Subgroups of free abelian groups are free: a topological proof?

The "free group" proof rests on proving that that the fundamental group of a graph is free. For the analogue we'd need to essentially prove that the fundamental group of a "torus" (something that looks like a quotient of a vector space by a discrete subgroup) is free abelian. A sketch:

Given a real vector space V, we can put the direct limit topology on it (so that subsets are closed if and only if their intersection with any finite dimensional subspace is closed). This is a contractible topological group.

If A is a free abelian group, then A is a discrete subgroup of the associated real vector space (ℝ ⊗ A) and the quotient space has fundamental group A. Any covering space is a quotient of (ℝ ⊗ A) by a discrete subgroup B of A.

So the question boils down to showing: Any discrete subgroup of a vector space (with the direct limit topology) is free abelian.

Let's say that a partial basis is a set S of elements of B such that

  • S is linearly independent, and
  • S generates B ∩ Span(S).

Then partial bases are a partial order under containment, and Zorn's lemma implies that there is a maximal element S. I claim that S is a basis of B as a free abelian group.

S is linearly independent by construction, so it generates a free abelian group, and hence it suffices to show that it generates all of B. If b in B is not in S, then it is not in Span(S).

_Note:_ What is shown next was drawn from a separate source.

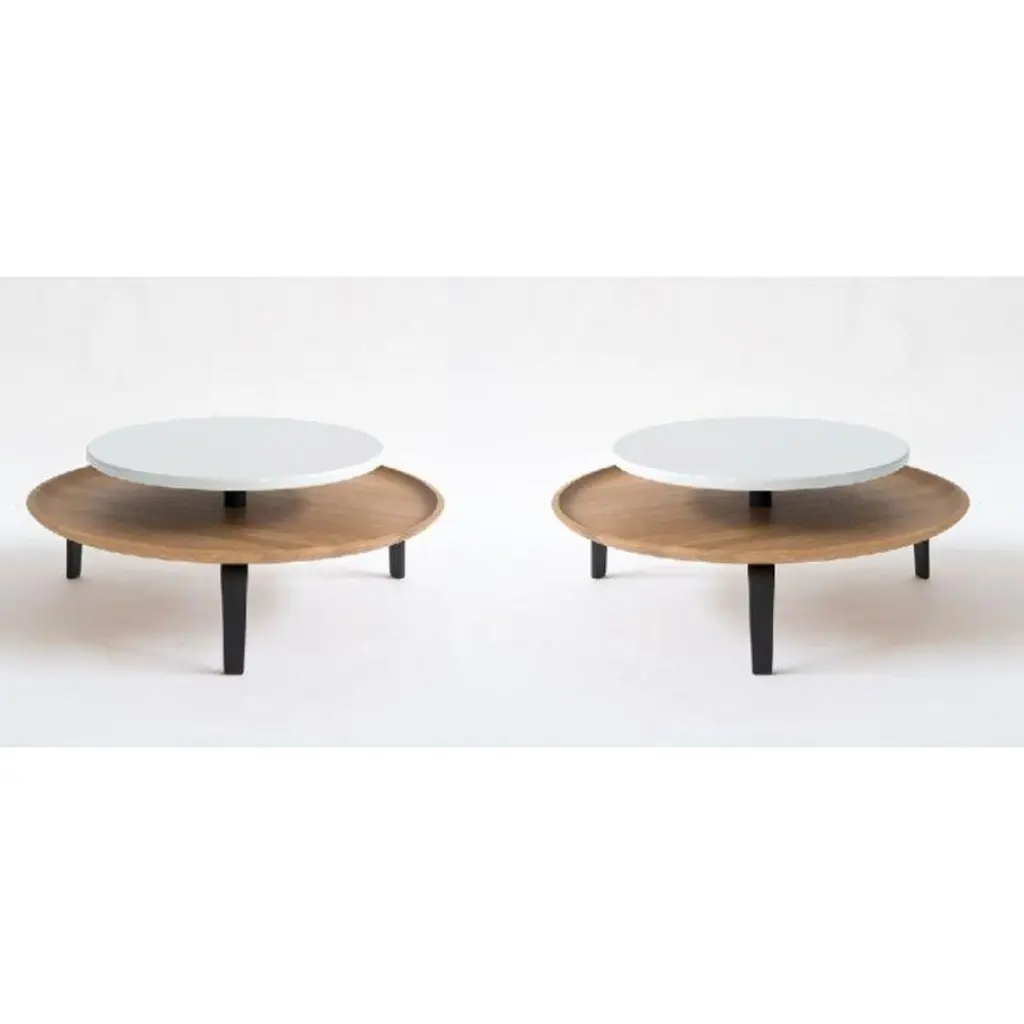 Set of 2, Secreto 85 coffee tables, white, “Nuit de Noel” by Colé ItaliaDimensions: H.32; base plate ø 85, top ø 60 cmMaterials: Coach table with 2 rounded plates; 3 legs and base plate in natural solid oak;top matt lacquered in 5 colors.Also available: different colors, Secreto 80, & lacquered legs (custom color).It comes from the idea of transforming the traditional coffee table, usually overflowing with books, magazines and newspapers, in a ‘coffee table / book table’, where there is really space both for books and for the cups! The upper shelf is enriched with evocative colours taken from fine perfume’s labels of the 20s and 30s. Three legs in solid oak wood, natural or black stained. Lower plate in solid oak, Top lacquered in off- white, off- black, ochre yellow, spicy orange and sky blue.Colé is a young Italian design brand, with a high-end production 100% made in Italy. Born from the experience of Matteo De Ponti, architect, who grew up in one of the most outstanding Milanese design families, and the artistic sensibility of Laura Macagno, degree in Economics and passionate of art and design. Our Mission is to create design icons, beautiful and comfortable pieces that can Stand the test of time, furnishing houses of international and sophisticated clients, and realized with craftsmanship, thus unique. “We love objects which own deep roots, excellent quality, and a strong evocative power. Archetypal forms dressed with new beauty without losing their classical composure”.Our expressive research is inspired by the utopian force of Italian eminences grises architects and designers of the ’50s, the Scandinavian design, the Bauhaus, ethnic handcraft and houses of famous writers of the XX century, all different as a style but united by the intense soul of those who worked and lived there.

Let S' be (S ∪ {b}). Then Span(S')/Span(S) is a 1-dimensional vector space and the image of B ∩ Span(S') must be discrete, because otherwise Span(S') would contain an element (rb + v) for v in Span(S) that we could use to generate a non-discrete subset of B. (If v is a combination of w1...wn in S, then it suffices to check that any subgroup of the finite-dimensional space Span(w1...wn,b) requiring more than n generators is indiscrete.)

Thus any lift of a generator of B ∩ Span(S') would extend to a larger generating set, contradicting maximality.

(My apologies for the comment last night, which this morning looks snarkier than I intended. I'm a fan of using this topological reasoning for free groups myself, because it compartmentalizes the proof into much more understandable pieces. In particular, I don't think I'd really understand a purely algebraic proof that an index n subgroup of a free group on m generators is free on nm - n + 1 generators.)


An obvious point, but I hope worth making. The free group proof rests on the fact that graphs can be characterized locally. As tori can't be characterized locally by their topology, there's no hope of a truly analogous proof for free abelian groups using tori.